Wednesday, March 18, 2009

Today's Echidne Thought



Echidne thoughts are thoughts which I get, as it were, from outer space, suddenly, and usually this means that Echidne stuck them into my hat. After suitable censoring (no, sheep shears are not the new fashion accessory for women everywhere) I either jot them down for further digestion or let them loose here. This one is of the latter kind.

You know how the media discusses something controversial by picking some people from each end of the opinion-line to fight each other, bare-fisted and ready-fanged, in front of us all? That's in theory, of course, and even then the approach has a problem, because the most correct opinion might lie in the middle of that long opinion-line. Broccoli is not necessarily greater than Viagra-for-angels or worse than Dick Cheney's wet dreams.

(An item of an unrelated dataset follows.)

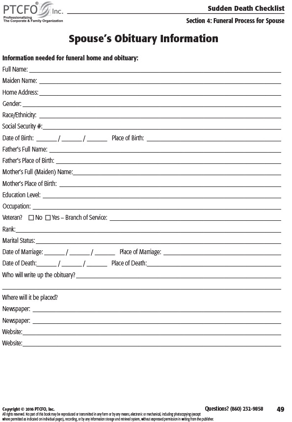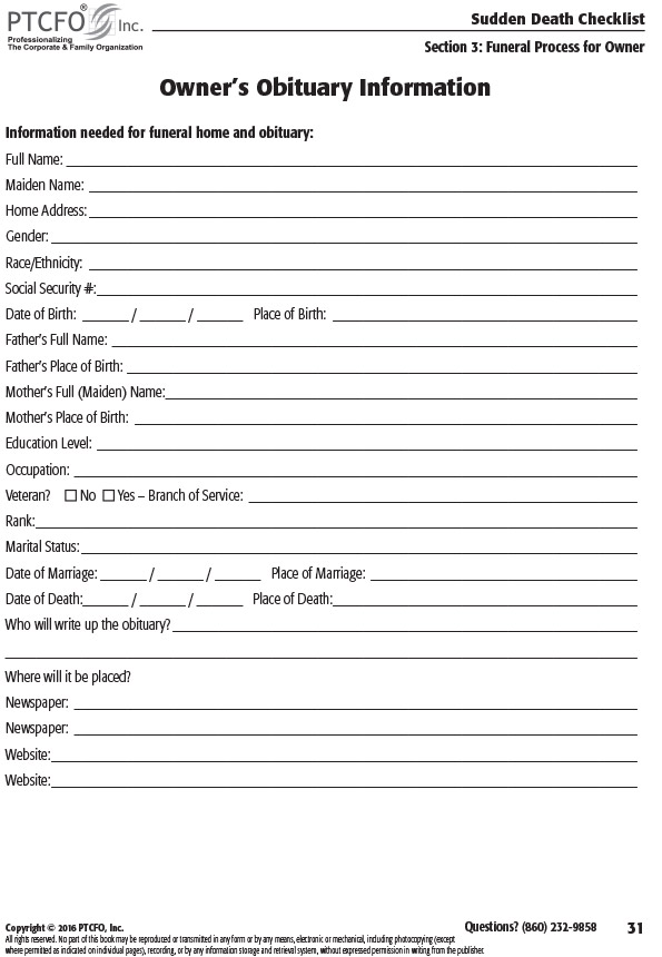 Our Sudden Death Checklist for Business Owners, Their Families & Employees is designed for estate planners and other key advisors to use our checklist to facilitate the discussions in an organized and thoughtful way. From Jack’s view,the owner’s key advisors work in isolation and don’t coordinate well with the business owner’s other advisors.He developed this checklist to engage other advisors as part of his strategy process, and to develop a comprehensive business succession plan. Our checklist helps trusted advisors coordinatewith other advisors, and the owner’s family, to customize the estate planning process. The goal is for business owners to engage their advisors to develop a carefully and thoughtfully prepared funeral and succession plan,to reduce the family’s emotional and financial stress in difficult times. It also designed to minimize the surviving family’s suffering during the funeral’s complex processes, and help their business retain the owner’s business and community legacy. When fully and correctly completed, this book should minimize the family’s emotional struggles with the hundreds of decisions and legal obligations required by the probate court and funeral process; as well as providing stability and peace of mind to the owner’s company and its employees. And more importantly for the business owner, it should ensure that his or her legacy continues without missing a beat; allowing for a smooth transition as he or she has planned.
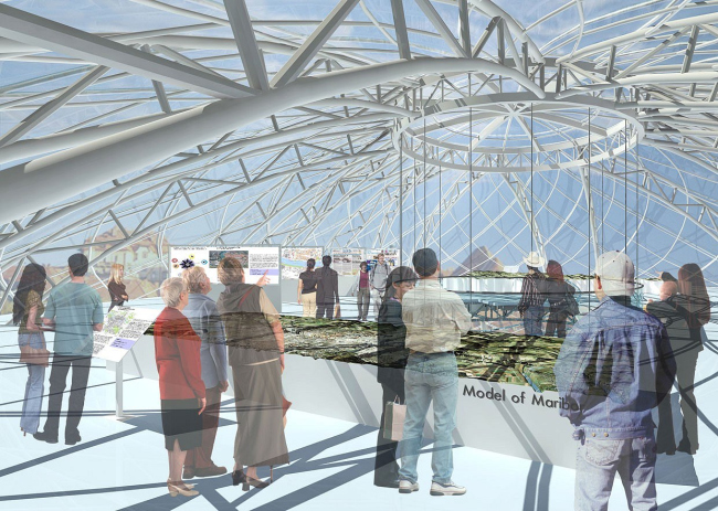 Имеющийся квартал коллектив Владимира Биндемана разделил по диагонали и на этой условной прямой, соединившей перекресток улиц Ribiška, Koroška Cesta и перекресток улиц Pristaniška и Vojašniška, разместил основное экспозиционное пространство. Оно заключено в прозрачный сферический объем, эдакий дирижабль, окруженный вспомогательными помещениями. Эти помещения объединены в два корпуса, которые к улицам обращены традиционными прямоугольными объемами, а к сфероиду – плавными изгибами, в плане напоминающими кисти рук, словно бережно поддерживающими хрупкую субстанцию. С выставочным пространством «руки» соединены переходами на различных этажах, так что связь всех помещений комплекса осуществляется через это центральное прозрачное ядро. Кровля правой «руки» представляет собой гигантский пешеходный пандус, левый же корпус имеет плоскую неэксплуатируемую крышу, на которой размещены устройства для сбора дождевой воды и солнечные батареи, аккумулирующие энергию для нужд здания. В облицовке самого сфероида архитекторы предлагали использовать специальное матовое покрытие из энергосберегающего стекла с функцией затемнения, которое позволило бы уберечь произведения искусства от слишком интенсивного солнечного света.

It may just be a vegetable.

Where was I? Oh yes: The second problem with this approach is that the representatives for the extreme opinions are selected oddly. Far too often I see the end-points defined by a rabid right-winger yelling and screaming at a Mr. or Ms. Milquetoast-Middle-of-the-Road (think of Hannity and Colmes). But there's a second odd selection criteria, and that's the topic of today's Echidne Thought:

Think of the way we debate gender roles. The two end-points are often seen as someone with Talibanesque views on women on one side and someone who'd let women go out and run for the President of the United States, sure (as long as the dinner is still on the table when the hubby comes home). Well, perhaps not quite, but you get the point: There's nary a radical feminist anywhere in sight.

More importantly, the two end-points of this opinion line are seen as 'Kirche, Küche und Kinder' for women, at one end, and 'legal equality of the sexes' at the other end. Or 'men should dominate' vs. 'everybody is equal'. Note what's missing there, as is missing from all the other debates about women's essential nature or whatnot?

The symmetrical end-point to the view 'men should dominate'. The effect of this one is to make 'compromise' appear something inbetween full equality and absolute male domination, and the effect is also to make someone like me come across as an extremist, when in fact arguing for equality should be the middle position. Don't you think?